Picking the Destination
Of the two of us, Will is definitely the aggressive planner. At any given moment, he can tell you the locations and dates of the next ten to fifteen hiking trips we have planned, as well as the major international trips we’ll take for the next four years. In a way, he feels the same about planning trips as George R. R. Martin feels about writing—?the good ones end up being epics, but he enjoys the state of having completed the task much more than the act of doing it. (As for Heather? She prefers surviving the day.) But Will continues on with his type-A planning personality because it is the sole act that has taken us on hundreds of hiking trips. And even though we’re nearly halfway through our lifetimes and our bodies are nearly half dead, we intend to head out on hundreds more.
If you are a first-timer, planning a trip into the wilderness can be intimidating. For clarity, you will make mistakes and you will do something like pack the wrong gear. (We can talk later about that time Will brought three extra-large sweatshirts and four gallons of water on his first backpacking trip, or that one adventure when Heather thought canned soup was the best way to cut her backpack size.) Bottom line: The biggest mistake you can make is not to go.
We are not advocating for lack of preparedness, but we are strongly endorsing the 40/70 Rule: You need at least 40 percent of the available information to make a decision, and once you get beyond 70 percent you should lean on intuition to fill in the gaps rather than postpone actually doing something (mad thanks to Colin Powell for that life advice). Start by simply focusing on your destination selection. Decide on one of the types of trips outlined below, do a reasonable amount of research on your destination, find a friend and/or unsuspecting significant other to join you, and then set the date to sleep on some dirt. If you really want to emotionally overcommit, make it Facebook official and tell everyone else who is scrolling their phone in some corporate meeting that you are GOING CAMPING. Nothing says commitment like declaring intent on social media.
We like to break hiking trips out into three categories: day hikes, overnights, and dispersed camping. The distinction among the three drive the destinations we are interested in as well as our gear loadout. Ergo, depending on how much time you have and how many times you want to cry because of your heavy pack weight, you may lean toward one particular style more than another.
Of course, many blur the lines among the three. For example, most civilized humans treat Colorado’s iconic Four Pass Loop as a four-day backpacking trip, but there are absurdly ambitious individuals who hike/run the twenty-eight miles in a single day under the auspices of “fun.” You do you.
This could be a low-key hike to a backcountry hot spring, or it could be a twenty-mile Jake-and-Elwood Mission from God.

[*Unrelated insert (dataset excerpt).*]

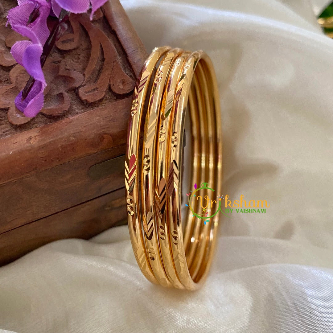 Gold Look Alike Daily Wear Bangles-V cut – imitation daily wear bangles, comes as 4 pieces only. Traditional thin daily wear bangles.

The punch line is that it is a hike you complete in a day, which means that finding a destination with a particular highlight will likely make the day more interesting. For our family, this usually means peak-bagging a Colorado fourteener (a summit with an elevation of at least 14,000 feet), although we’ve also made a day of tracking down champion trees in the Eastern Sierra, secret waterfalls in Montana, and the perfect whale-watching outcropping on the Channel Islands.
The real perk here is the lightweight backpack. Unfettered by the trappings of overnight accommodations, your pack weight may be only around ten pounds, making it much easier to cover unholy distances or scramble up a talus field. Or you can be a real mensch and secretly stash a six-pack of summit beers. Even if you don’t imbibe, you will be an instant legend when you deliver a life-changing libation after a grueling high-altitude climb. Whatever you carry, don’t be a rube and skimp on the Ten Essentials (which we reveal) because you want to save a few ounces. Even if you don’t end up needing the gear, you could save someone else’s tail on the trail.
A further word on safety: Anecdotally, day hikers are the most likely to get stuck in an unintentionally undesirable situation. When you’re backpacking, you have your entire world on your shoulders, and in most circumstances, you can safely pitch a tent if the weather takes a nasty turn. With a lightweight daypack, you are either going to have to construct a shelter out of the flimsy shell jacket and granola bar from the bottom of your pack, or optimistically hope Les Stroud is sharing your trail today.